Problem to work on =>
Give again, word for word, every line in the entries below from the line with "White Coffee Mug" up to and including the line with "- Semi-private balcony above garage", and no other line.
***** Data provided *****
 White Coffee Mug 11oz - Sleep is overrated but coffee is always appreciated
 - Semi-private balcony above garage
*****
***** Data provided *****
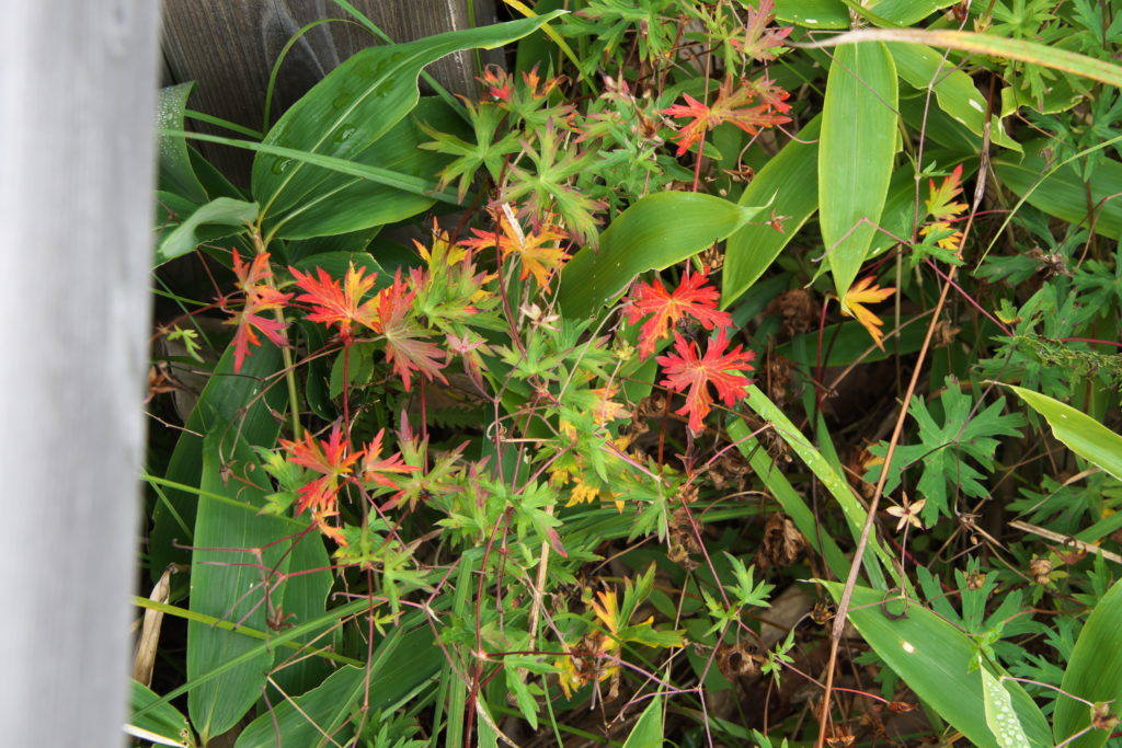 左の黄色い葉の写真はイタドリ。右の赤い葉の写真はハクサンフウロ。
*****
Solution to this task =>
 White Coffee Mug 11oz - Sleep is overrated but coffee is always appreciated
 - Semi-private balcony above garage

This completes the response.